定年後再雇用の契約更新拒絶:労使協定で定めた再雇用基準の適用

 高年法は、希望する労働者全員の再雇用を求めていますが、この規定は2013年4月1日施行の改正法で定められたもので、それ以前の高年法は、労使協定(ろうしきょうてい)で再雇用基準(さいこようきじゅん)を定めている場合にはその基準に基づいて労働者を選別することを許容していました。
 労使協定で定めた再雇用基準の内容については、高年法は特段の規制をしておらず、使用者側が好きなように労働者を選別できるようなあいまいで主観的な規定が多く見られます。例えば「勤務意欲に富み業務に前向きに取り組んでおり、周囲に好影響を与えていること」とか、「定年到達迄を含む直近3年間の勤務状況が標準的な水準以上と評価できること」などのような、労働者が標準以上の成績や勤務態度でなければ再雇用されないかのような規定が、ごくふつうになされていました。
 高年法は、2013年4月1日施行の改正の経過措置として、2013年3月31日までに継続雇用制度を設けて労使協定で再雇用基準を定めていた企業については、一定年齢(厚生年金受給開始年齢)以上での更新の際には、その労使協定で定めた再雇用基準を用いて労働者を選別することを許しています。経過規定をまとめると下の表(↓)のようになります。

更新時期 再雇用基準適用可能な更新
2013年4月1日~2016年3月31日 61歳以上の労働者の更新
2016年4月1日~2019年3月31日 62歳以上の労働者の更新
2019年4月1日~2022年3月31日 63歳以上の労働者の更新
2022年4月1日~2025年3月31日 64歳以上の労働者の更新
60歳定年到達・再雇用開始時期 労働者の生年月日(参考) 再雇用基準適用可能な更新
2012年4月1日~2015年3月31日 1952年4月1日~1955年3月31日 61歳以上の更新
2015年4月1日~2017年3月31日 1955年4月1日~1957年3月31日 62歳以上の更新
2017年4月1日~2019年3月31日 1957年4月1日~1959年3月31日 63歳以上の更新
2019年4月1日~2021年3月31日 1959年4月1日~1961年3月31日 64歳以上の更新

 労働者の側からみると、上の表(↑)のようになります(労働者の生年月日は、60歳の誕生日=定年となり、その日から再雇用という場合のものです。現実には定年を60歳の誕生日ではなくその月の月末とか次の給料の締め日とかにしている場合もありますので、あくまでも「参考」です)。2021年4月1日以降に定年後再雇用が開始された労働者に対しては、経過規定の適用はない(希望しさえすれば、解雇事由等がない限りは、65歳まで更新される)ことになります。

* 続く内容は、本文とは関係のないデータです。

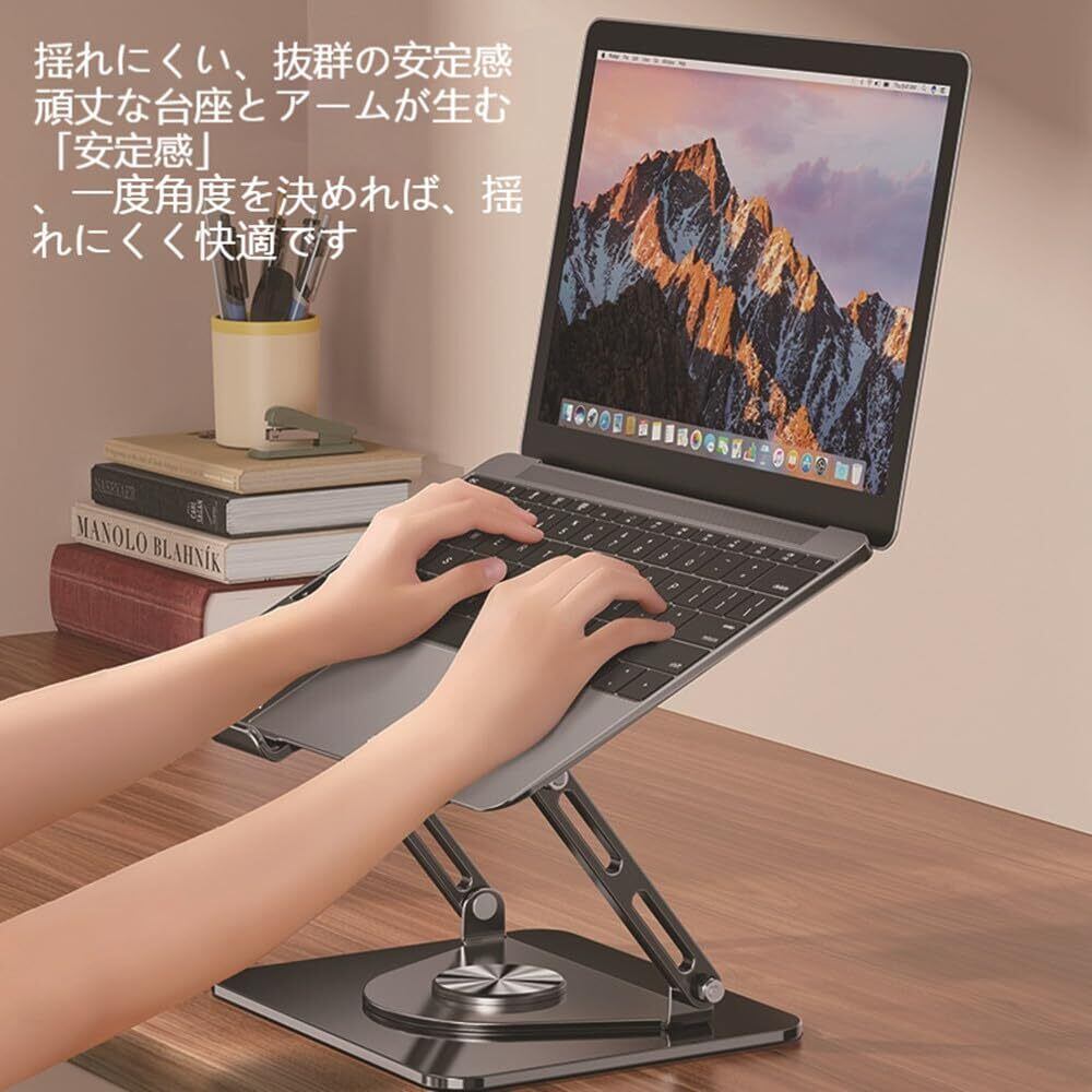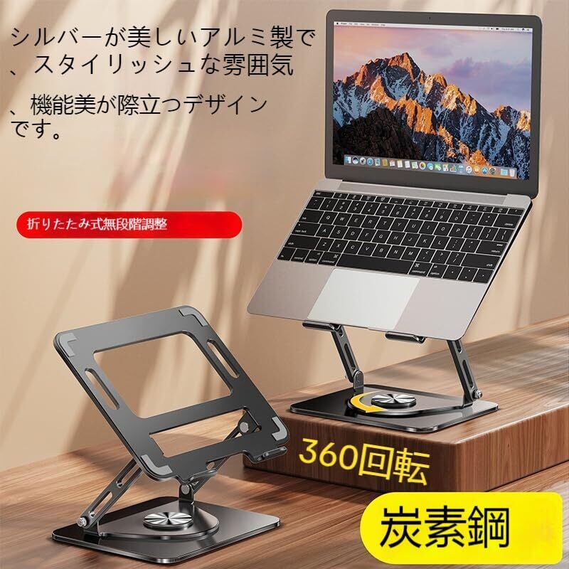 【新春セール】RETZLA ノートPC スタンド回転 360° 高度・角度調節可能 折りたたみ式 ノートパソコンスタンド人間工学 安定 放熱対策17インチまでのノートパソコンスタンド 軽量 コンパクトに対応 pcスタンド黒 腰痛/猫背肩こり姿勢改善 在宅仕事 ZOOM会議 キーボードスタンド 机 省スペース アルミ製軽量 laptop stand (ブラック)

 この高年法の経過規定、言い換えれば労使協定で定めた再雇用基準による労働者の選別的な更新拒絶は、現在は64歳以上の労働者の更新について適用されます。(2022年3月31日以前は63歳以上でした)
 現在は、60歳定年時には、無条件で再雇用された労働者が、63歳に達した後の更新時期に更新拒絶されて裁判等で争われているケースが多く、今後64歳に達した後の更新時に更新拒絶されて争うケースが増えてくることになります。

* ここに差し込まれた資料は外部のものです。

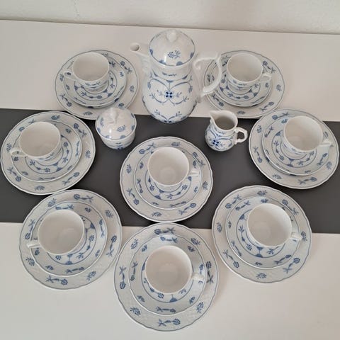 Tallerkenerne er i god stand. Der er ingen skader på porcelænet. Små tegn på slid på guld- og blomsterdekoren forekommer af og til.
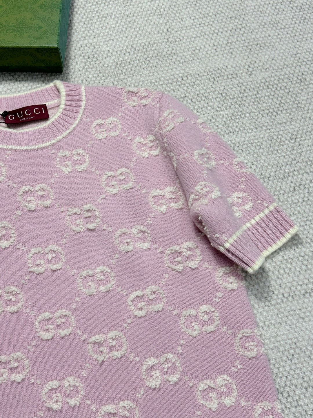 Gucci Knot Jacquard Knitted Short Sleeves Pink Wool
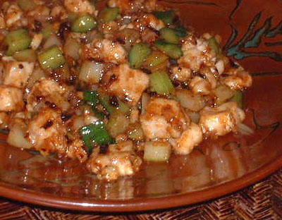 ◆魚肉を油通しする。キュウリとセロリを軽く炒め、熱湯を杓子一杯さし、塩を入れ、1分ぐらい煮て水を切る

 経過規定により労使協定で定めた再雇用基準が適用される場合、理論的には、その再雇用基準に当たるかどうかで更新拒絶が違法か適法かが決せられるということになります。労使協定で定めた再雇用基準が、使用者側が好き放題に選別できるようなあいまいで主観的な規定の場合、裁判で争うことは難しいということになってしまうのでしょうか。そのあたりは、現在裁判で争われているところです。先ほど例に挙げた「勤務意欲に富み業務に前向きに取り組んでおり、周囲に好影響を与えていること」とか、「定年到達迄を含む直近3年間の勤務状況が標準的な水準以上と評価できること」などの再雇用基準を定めている企業が、本当にこの規定の文言通りに再雇用の更新を判断してきたとすれば、再雇用基準が適用される際に更新が認められる労働者は半数程度まで減少してしまうはずです。私が担当した事件で、その企業に過去の再雇用労働者の更新実績を求釈明で回答させたところ、更新拒絶の実績は0.1~0.2%レベルでした。そうすると、この再雇用基準の運用は、規定の文言通りではないということになります。であれば、裁判でのこの再雇用基準の規定の解釈も、その運用を反映したより緩やかな(更新拒絶される場合が相当限定される)ものとすべきでしょう。

 高年法の経過規定の適用がない企業、つまり2013年3月31日までに労使協定で再雇用基準を定めていない企業の場合は、再雇用の更新の際にも、労働者が更新を希望すれば、解雇事由等がある場合以外は、更新を認めなければなりません。
 私が担当した事件で、相手方が著名企業であるにもかかわらず、労使協定で定めた再雇用基準がなかったということがあり、驚きました(もちろん、とっても有利に進めることができました)。労使協定で再雇用基準を定めるかどうかはその企業の自由ですから、意外にそういうケースもあるのかも知れません。

再雇用制度がない企業の場合

 高年法の規定に違反して、再雇用制度を設けていない企業の場合、60歳定年となった労働者は企業に再雇用を要求できるでしょうか。
 高年法の規定は、それに違反した場合、行政庁からの助言・指導、勧告、企業名公表の対象にはなりますが、罰則はなく、継続雇用制度を設けたとみなすという規定があるわけでもありません。
 現在の裁判所の立場では、再雇用制度を設けていない企業に対しては、損害賠償請求をする余地はあっても、再雇用がなされたものとして労働者としての地位を確認したり、賃金の支払を請求することは、残念ながら、難しいです。